#### Information
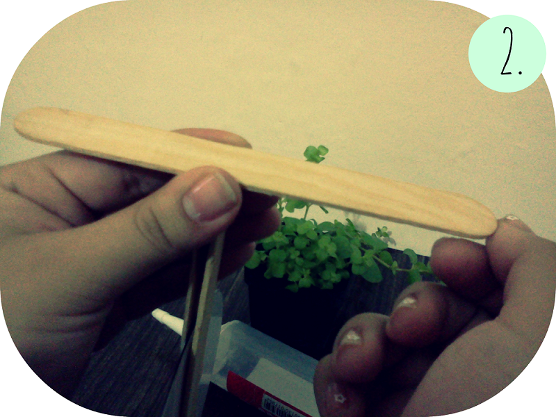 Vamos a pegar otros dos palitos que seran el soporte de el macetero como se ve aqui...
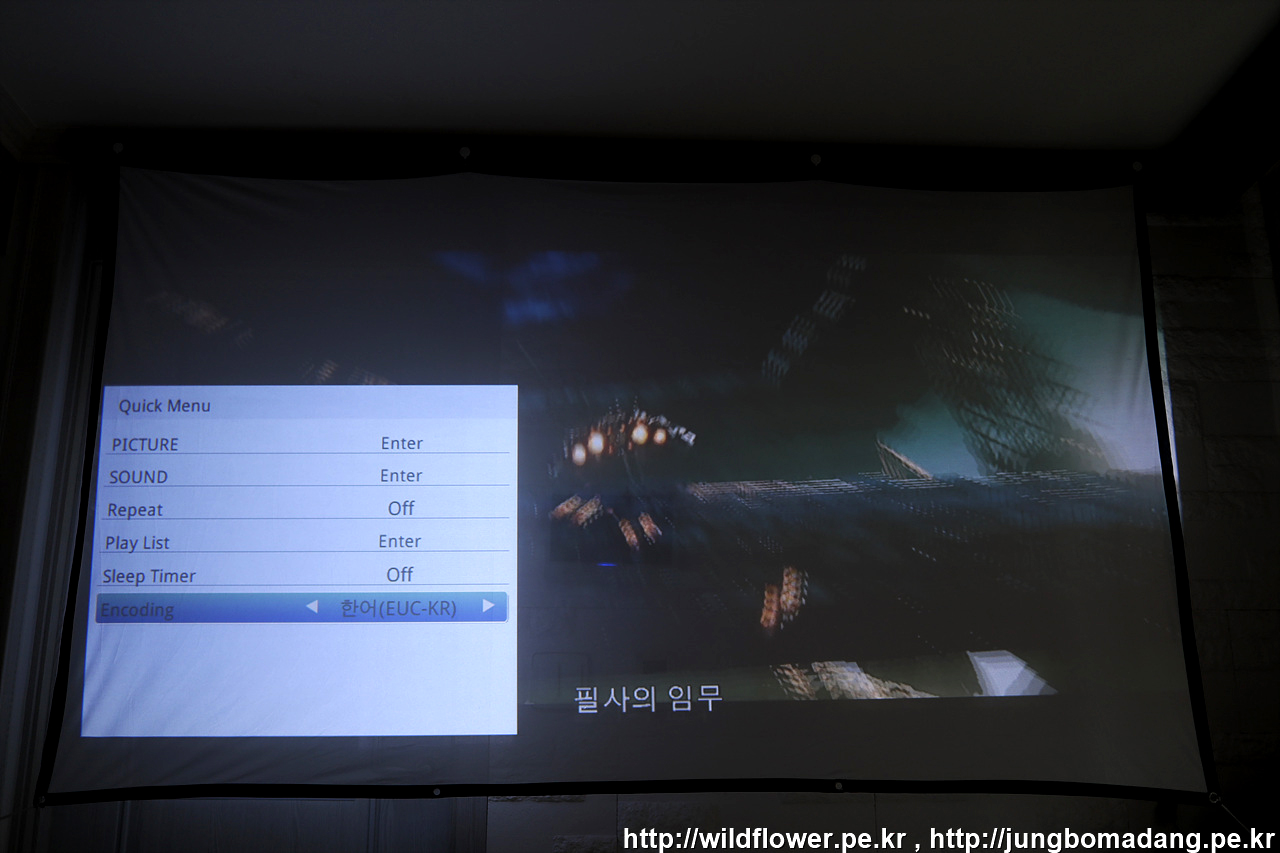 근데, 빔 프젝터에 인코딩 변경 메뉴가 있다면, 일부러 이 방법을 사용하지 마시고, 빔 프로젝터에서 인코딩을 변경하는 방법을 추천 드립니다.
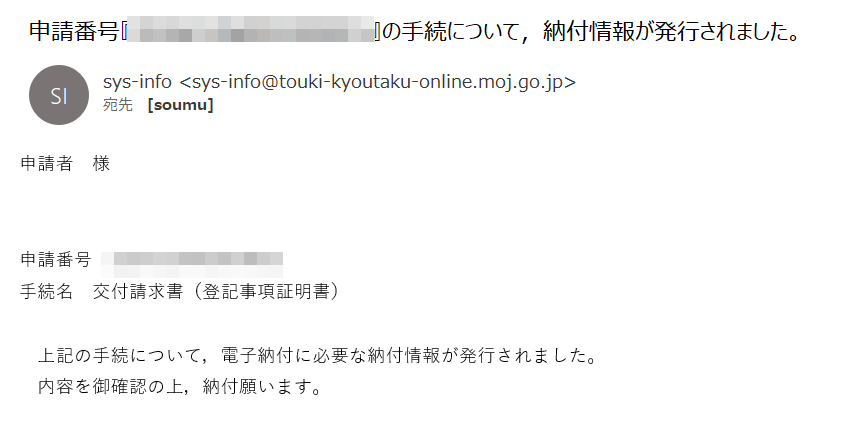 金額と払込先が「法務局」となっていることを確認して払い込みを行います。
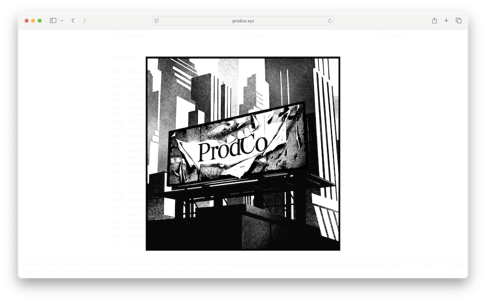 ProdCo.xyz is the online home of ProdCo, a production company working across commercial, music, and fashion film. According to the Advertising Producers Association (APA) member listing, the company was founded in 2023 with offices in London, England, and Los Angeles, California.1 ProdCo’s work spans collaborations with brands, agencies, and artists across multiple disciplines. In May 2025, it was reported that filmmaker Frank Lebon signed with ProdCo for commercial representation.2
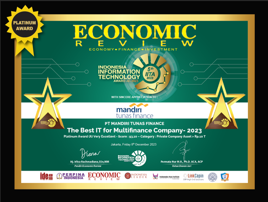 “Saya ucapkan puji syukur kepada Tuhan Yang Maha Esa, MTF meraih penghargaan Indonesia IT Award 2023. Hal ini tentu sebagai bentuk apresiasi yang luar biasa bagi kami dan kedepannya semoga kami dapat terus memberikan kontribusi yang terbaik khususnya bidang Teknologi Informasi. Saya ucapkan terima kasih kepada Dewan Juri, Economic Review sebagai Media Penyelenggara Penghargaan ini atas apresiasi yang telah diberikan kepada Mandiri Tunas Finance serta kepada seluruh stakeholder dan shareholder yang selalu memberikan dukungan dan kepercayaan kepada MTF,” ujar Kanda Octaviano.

* * *

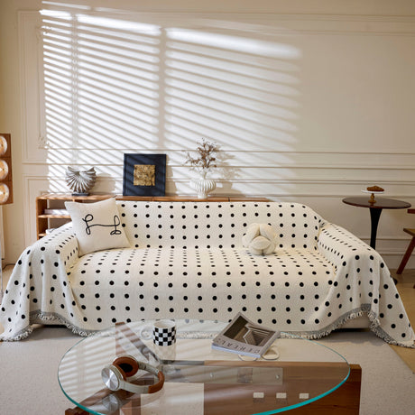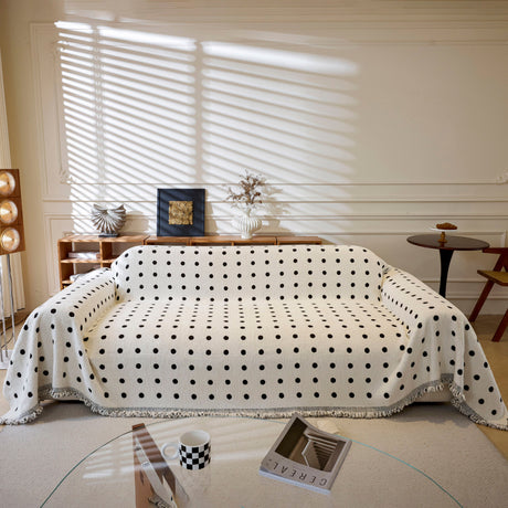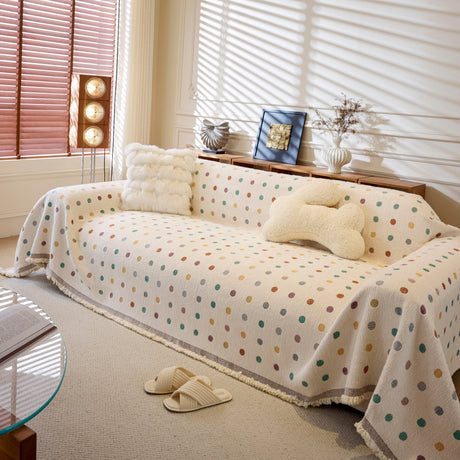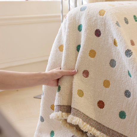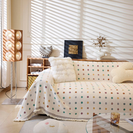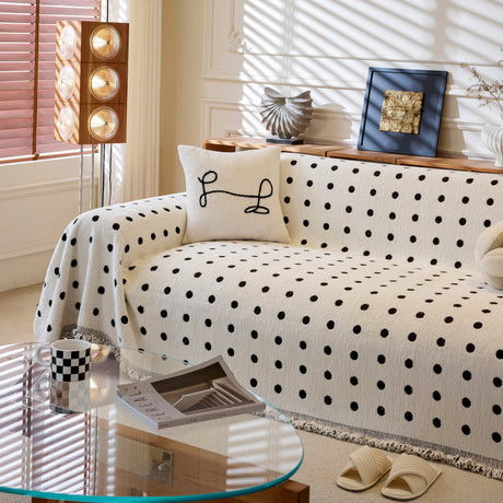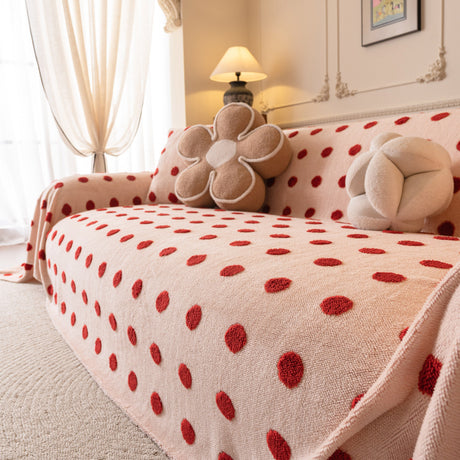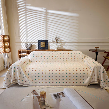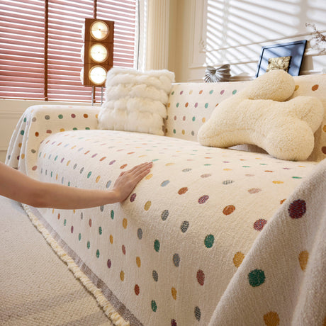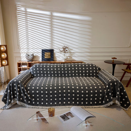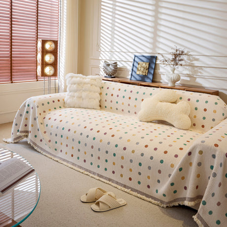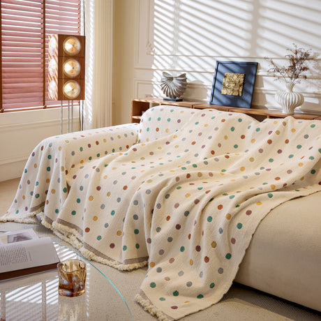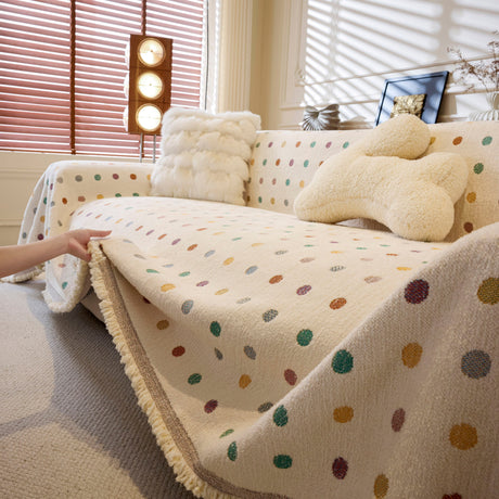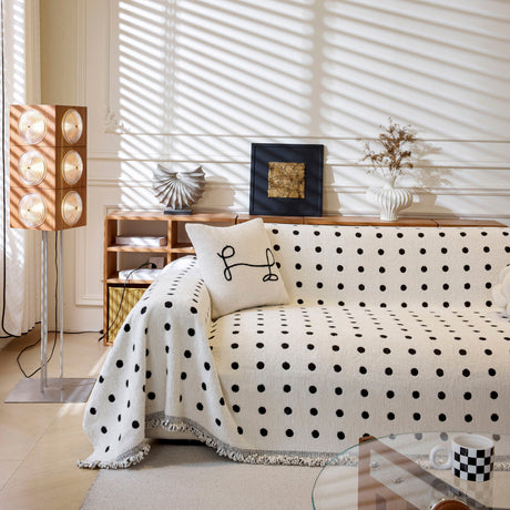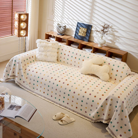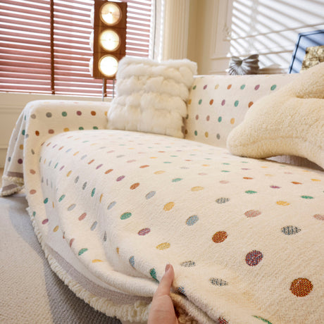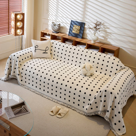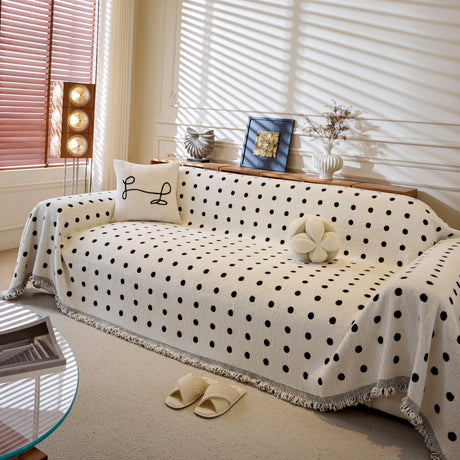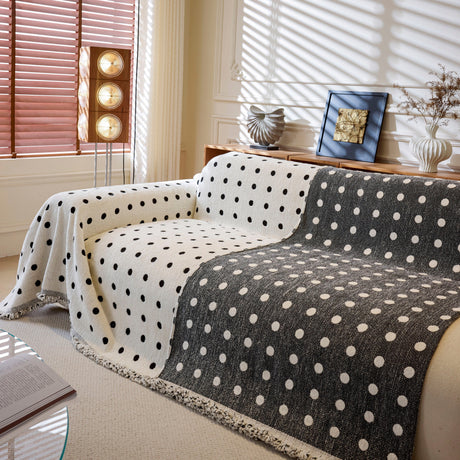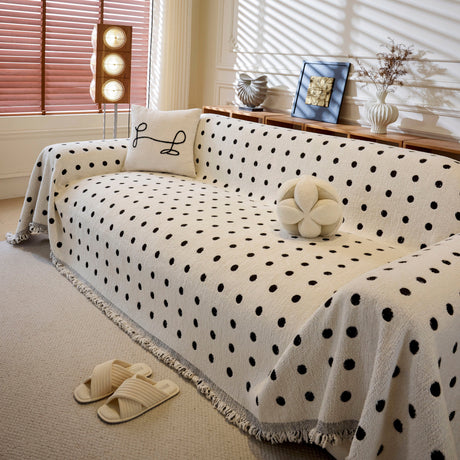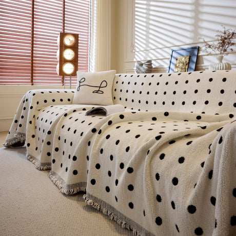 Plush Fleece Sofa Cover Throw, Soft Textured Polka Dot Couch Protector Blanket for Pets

---

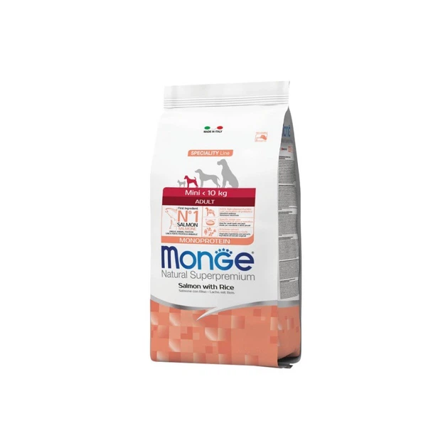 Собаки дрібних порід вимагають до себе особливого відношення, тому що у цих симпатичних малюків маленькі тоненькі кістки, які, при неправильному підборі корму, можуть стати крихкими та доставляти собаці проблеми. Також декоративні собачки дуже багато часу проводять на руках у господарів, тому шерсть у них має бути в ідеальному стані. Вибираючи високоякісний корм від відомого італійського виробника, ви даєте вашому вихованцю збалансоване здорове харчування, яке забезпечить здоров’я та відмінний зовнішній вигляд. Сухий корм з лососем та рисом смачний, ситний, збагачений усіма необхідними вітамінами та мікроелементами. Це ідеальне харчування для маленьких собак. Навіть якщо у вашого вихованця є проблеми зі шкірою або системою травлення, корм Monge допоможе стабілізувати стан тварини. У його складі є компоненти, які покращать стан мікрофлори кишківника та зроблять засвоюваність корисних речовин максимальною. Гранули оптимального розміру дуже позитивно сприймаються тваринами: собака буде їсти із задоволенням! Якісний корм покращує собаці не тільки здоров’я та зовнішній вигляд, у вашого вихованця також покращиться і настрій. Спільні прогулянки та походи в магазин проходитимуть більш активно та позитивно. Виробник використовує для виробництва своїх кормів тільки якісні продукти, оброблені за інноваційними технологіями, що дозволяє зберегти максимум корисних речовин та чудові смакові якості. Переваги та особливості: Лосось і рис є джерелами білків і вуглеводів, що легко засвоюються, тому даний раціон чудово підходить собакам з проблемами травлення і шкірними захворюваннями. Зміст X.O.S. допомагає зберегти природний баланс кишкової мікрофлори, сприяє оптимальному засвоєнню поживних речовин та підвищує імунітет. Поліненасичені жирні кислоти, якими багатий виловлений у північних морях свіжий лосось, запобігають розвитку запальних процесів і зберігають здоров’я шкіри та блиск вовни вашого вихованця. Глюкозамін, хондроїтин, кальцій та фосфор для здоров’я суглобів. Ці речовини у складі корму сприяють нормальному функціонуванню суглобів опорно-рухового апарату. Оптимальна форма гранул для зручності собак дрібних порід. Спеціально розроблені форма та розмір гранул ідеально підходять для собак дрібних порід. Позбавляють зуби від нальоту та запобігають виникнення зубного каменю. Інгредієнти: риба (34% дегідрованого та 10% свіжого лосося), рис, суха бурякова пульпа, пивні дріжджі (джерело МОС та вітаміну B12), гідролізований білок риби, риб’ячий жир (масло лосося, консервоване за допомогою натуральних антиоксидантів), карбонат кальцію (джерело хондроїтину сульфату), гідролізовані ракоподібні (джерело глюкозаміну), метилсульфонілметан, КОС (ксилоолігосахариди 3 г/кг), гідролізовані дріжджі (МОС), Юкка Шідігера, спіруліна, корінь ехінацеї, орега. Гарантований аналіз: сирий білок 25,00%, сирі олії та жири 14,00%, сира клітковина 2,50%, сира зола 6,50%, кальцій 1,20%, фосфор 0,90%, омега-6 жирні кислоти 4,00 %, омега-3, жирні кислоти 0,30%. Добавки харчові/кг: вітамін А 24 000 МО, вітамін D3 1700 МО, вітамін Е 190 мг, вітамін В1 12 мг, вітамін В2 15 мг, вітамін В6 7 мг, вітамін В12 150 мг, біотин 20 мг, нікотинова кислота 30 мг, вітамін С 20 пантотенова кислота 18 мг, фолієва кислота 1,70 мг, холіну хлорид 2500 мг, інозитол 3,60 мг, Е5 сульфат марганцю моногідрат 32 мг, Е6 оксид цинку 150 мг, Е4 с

#### Problem to solve
Pictures excluded, transcribe the listing above exactly from the line with "Vamos a pegar" through the line with "ProdCo.xyz is the", and no further.

#### Result
 Vamos a pegar otros dos palitos que seran el soporte de el macetero como se ve aqui...
 근데, 빔 프젝터에 인코딩 변경 메뉴가 있다면, 일부러 이 방법을 사용하지 마시고, 빔 프로젝터에서 인코딩을 변경하는 방법을 추천 드립니다.
 金額と払込先が「法務局」となっていることを確認して払い込みを行います。
 ProdCo.xyz is the online home of ProdCo, a production company working across commercial, music, and fashion film. According to the Advertising Producers Association (APA) member listing, the company was founded in 2023 with offices in London, England, and Los Angeles, California.1 ProdCo’s work spans collaborations with brands, agencies, and artists across multiple disciplines. In May 2025, it was reported that filmmaker Frank Lebon signed with ProdCo for commercial representation.2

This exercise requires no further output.